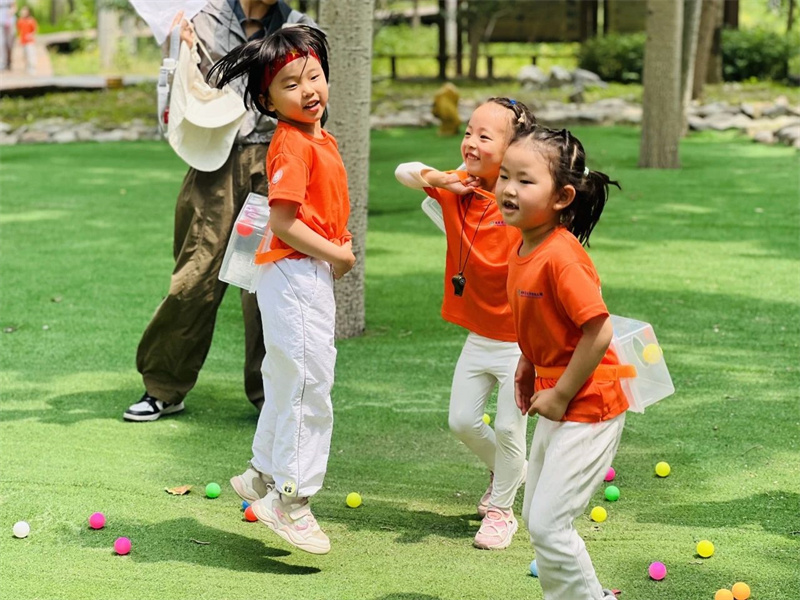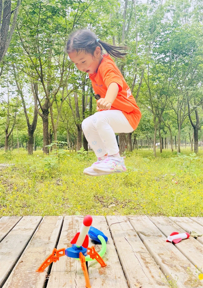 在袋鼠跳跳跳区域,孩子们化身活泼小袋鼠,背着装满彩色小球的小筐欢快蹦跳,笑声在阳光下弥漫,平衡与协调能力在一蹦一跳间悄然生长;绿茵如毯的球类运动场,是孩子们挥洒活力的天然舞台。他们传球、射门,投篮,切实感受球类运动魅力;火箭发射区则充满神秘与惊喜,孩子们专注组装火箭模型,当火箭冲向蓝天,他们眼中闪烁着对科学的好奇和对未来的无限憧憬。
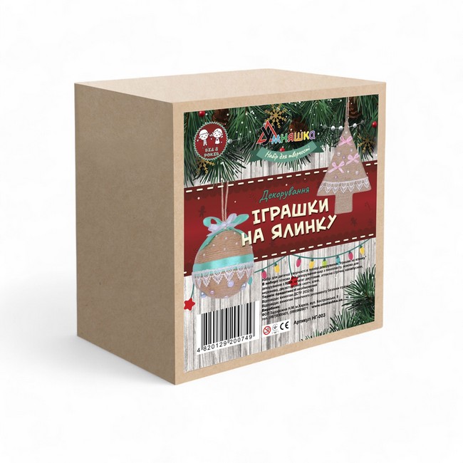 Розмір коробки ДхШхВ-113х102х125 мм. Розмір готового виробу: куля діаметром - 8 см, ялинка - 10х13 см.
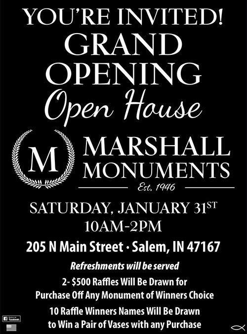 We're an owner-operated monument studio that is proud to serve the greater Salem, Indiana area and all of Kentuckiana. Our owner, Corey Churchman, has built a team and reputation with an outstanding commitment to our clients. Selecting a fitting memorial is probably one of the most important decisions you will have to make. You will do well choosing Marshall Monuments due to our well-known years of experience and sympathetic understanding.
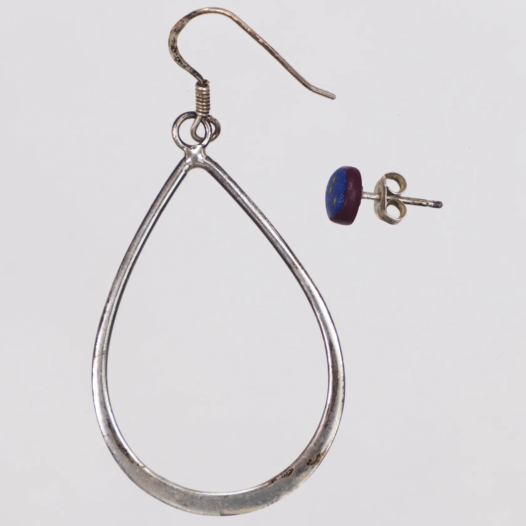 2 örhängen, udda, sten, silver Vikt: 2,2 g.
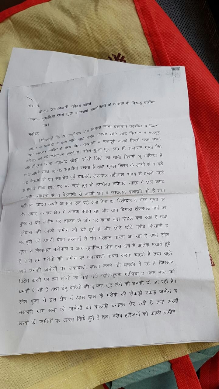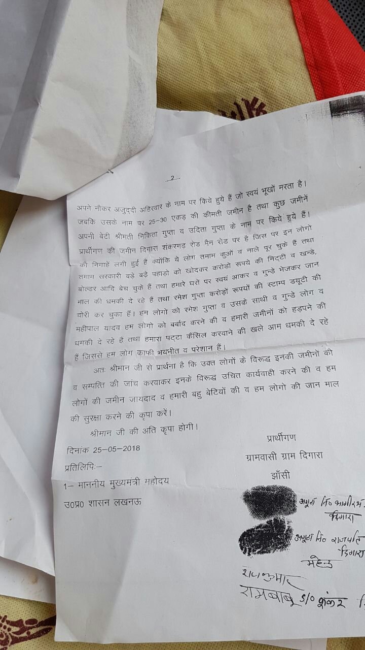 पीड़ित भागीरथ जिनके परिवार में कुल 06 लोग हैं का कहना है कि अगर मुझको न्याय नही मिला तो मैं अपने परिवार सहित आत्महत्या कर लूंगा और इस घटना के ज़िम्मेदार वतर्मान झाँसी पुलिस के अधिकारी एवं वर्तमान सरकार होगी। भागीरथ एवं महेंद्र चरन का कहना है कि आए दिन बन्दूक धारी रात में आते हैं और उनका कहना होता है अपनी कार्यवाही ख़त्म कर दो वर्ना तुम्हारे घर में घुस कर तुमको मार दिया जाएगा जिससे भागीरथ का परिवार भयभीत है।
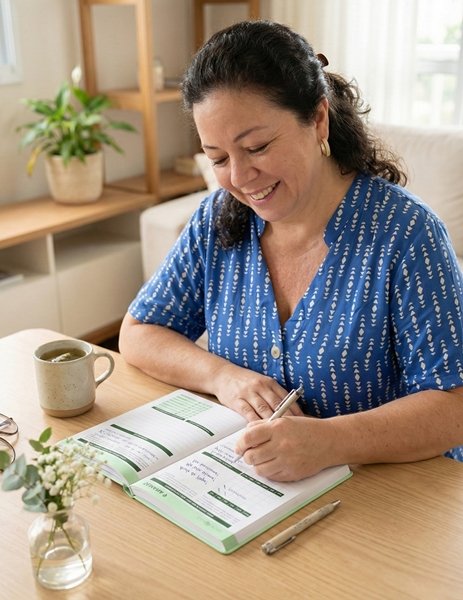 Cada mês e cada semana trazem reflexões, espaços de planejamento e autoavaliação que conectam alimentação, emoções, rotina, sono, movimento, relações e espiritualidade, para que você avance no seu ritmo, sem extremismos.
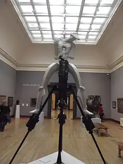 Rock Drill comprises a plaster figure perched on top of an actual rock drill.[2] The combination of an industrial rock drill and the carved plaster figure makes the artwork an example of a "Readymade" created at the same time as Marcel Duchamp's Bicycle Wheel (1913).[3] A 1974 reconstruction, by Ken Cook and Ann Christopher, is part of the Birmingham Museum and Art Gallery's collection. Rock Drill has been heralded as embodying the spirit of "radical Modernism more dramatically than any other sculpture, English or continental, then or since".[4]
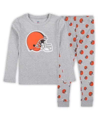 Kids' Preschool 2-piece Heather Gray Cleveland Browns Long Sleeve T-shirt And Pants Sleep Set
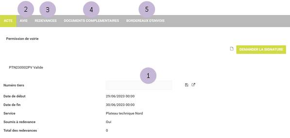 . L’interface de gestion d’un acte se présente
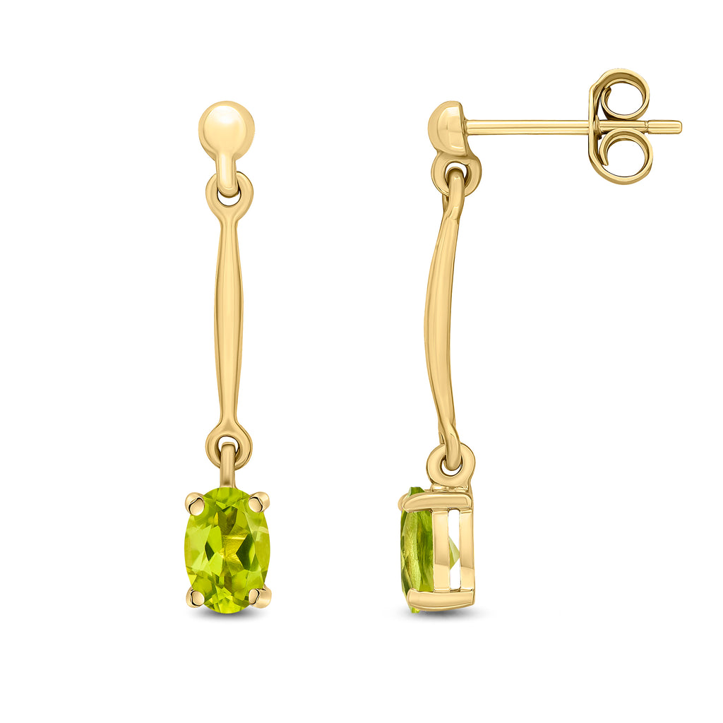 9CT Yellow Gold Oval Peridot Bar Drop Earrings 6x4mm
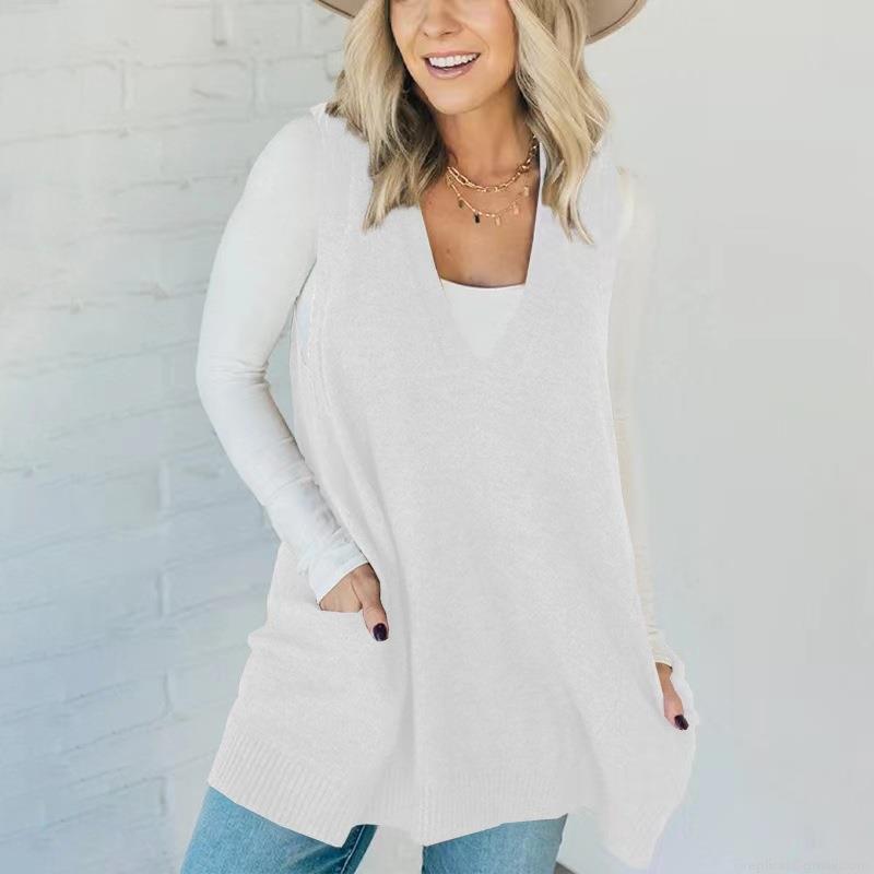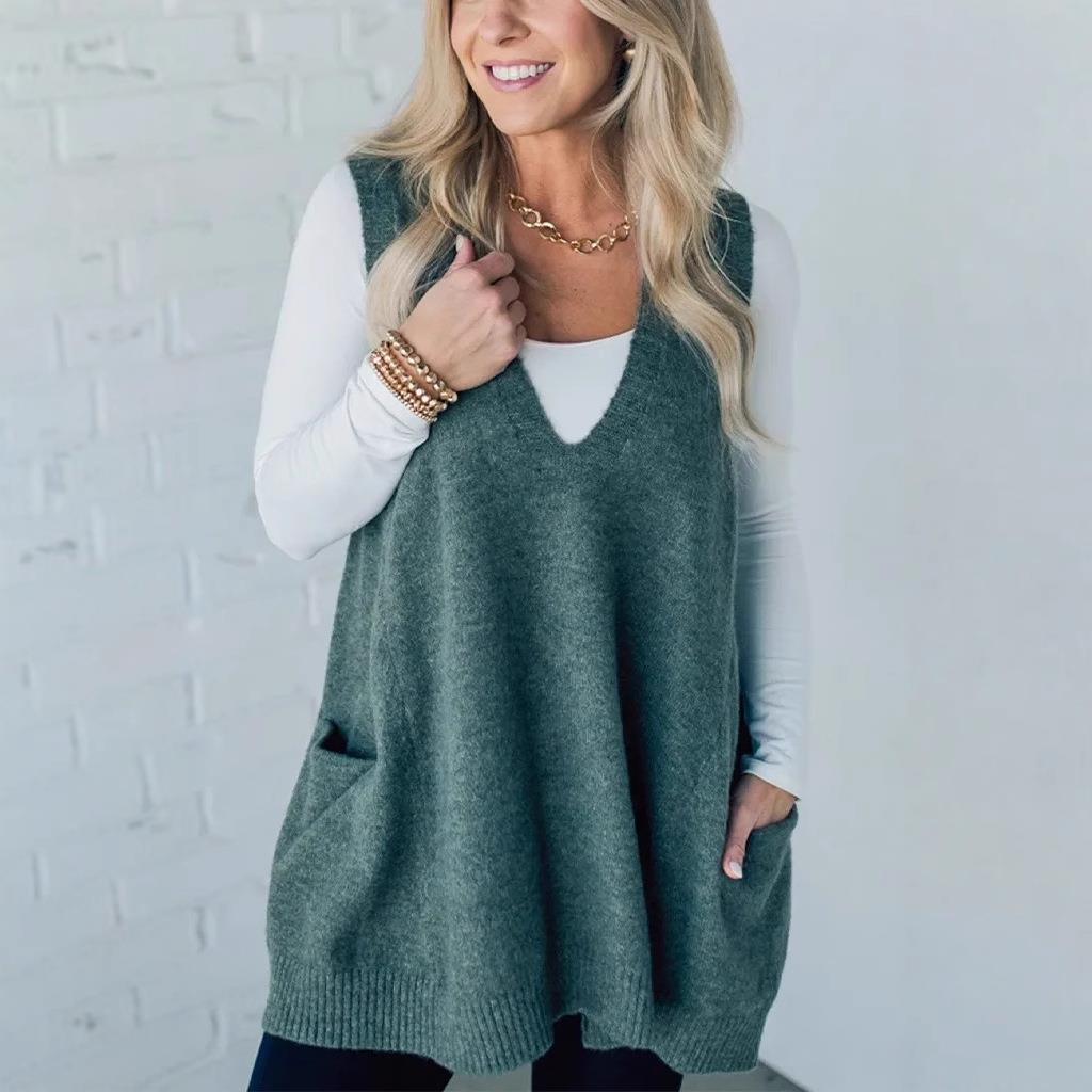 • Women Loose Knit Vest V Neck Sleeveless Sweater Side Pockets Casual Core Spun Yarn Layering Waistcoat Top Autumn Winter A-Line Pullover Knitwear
■ ■ ■ ■ ■ ■ ■
Leaving all pictures aside, print exactly the lines from the one that contains "Kids' Preschool 2-piece" through the last line of the data above, inclusive.

### Response to this task:
 Kids' Preschool 2-piece Heather Gray Cleveland Browns Long Sleeve T-shirt And Pants Sleep Set
 . L’interface de gestion d’un acte se présente
 9CT Yellow Gold Oval Peridot Bar Drop Earrings 6x4mm
 • Women Loose Knit Vest V Neck Sleeveless Sweater Side Pockets Casual Core Spun Yarn Layering Waistcoat Top Autumn Winter A-Line Pullover Knitwear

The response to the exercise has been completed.